**Work instruction**
Retype the listing exactly as it stands, and keep every image out.

**Given data**
'''

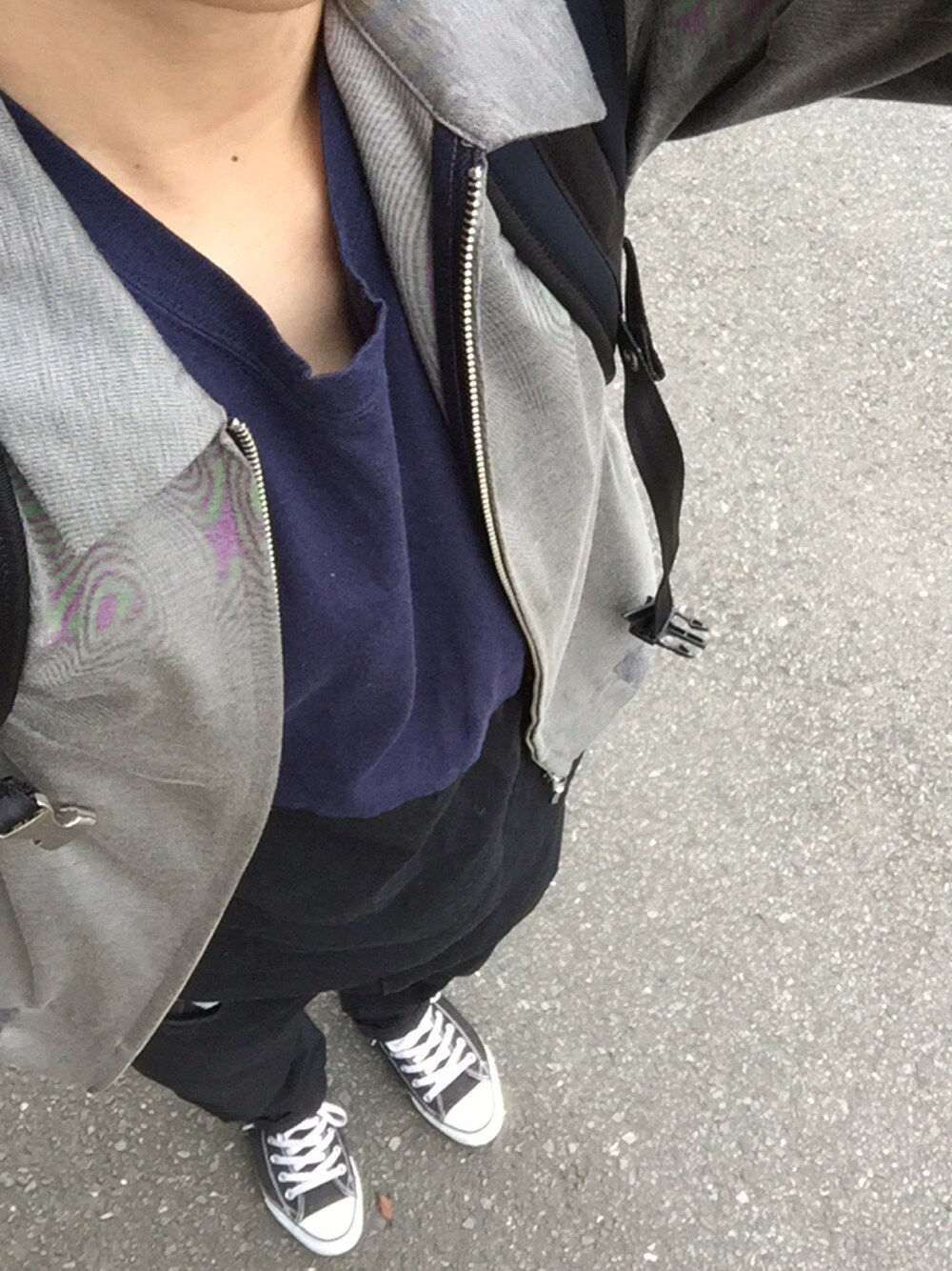 今日は半袖Tシャツにジャケットを着ましたが、それでも全然寒いです。もう少し厚着したほうがよかったです。 写真撮ったら今日はvictimばかりということに気付きました。 ジーンズとTシャツはシックな色だったので、灰色のきれいなジャケットにしました。 ジャケットがきれいなので、スニーカーとリュックでカジュアルにしました。
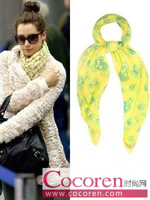 颜色鲜艳的丝巾衬托出青春的活力。选择颜色更为鲜亮的长丝巾搭配浅色外套,优雅而不乏活力哦。
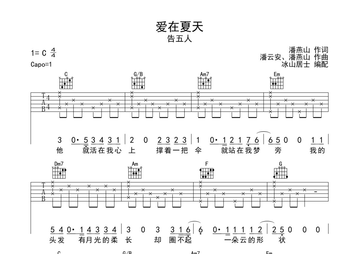 告五人《爱在夏天》吉他谱 - C调弹唱六线谱

'''

**Result of the exercise**
 今日は半袖Tシャツにジャケットを着ましたが、それでも全然寒いです。もう少し厚着したほうがよかったです。 写真撮ったら今日はvictimばかりということに気付きました。 ジーンズとTシャツはシックな色だったので、灰色のきれいなジャケットにしました。 ジャケットがきれいなので、スニーカーとリュックでカジュアルにしました。
 颜色鲜艳的丝巾衬托出青春的活力。选择颜色更为鲜亮的长丝巾搭配浅色外套,优雅而不乏活力哦。
 告五人《爱在夏天》吉他谱 - C调弹唱六线谱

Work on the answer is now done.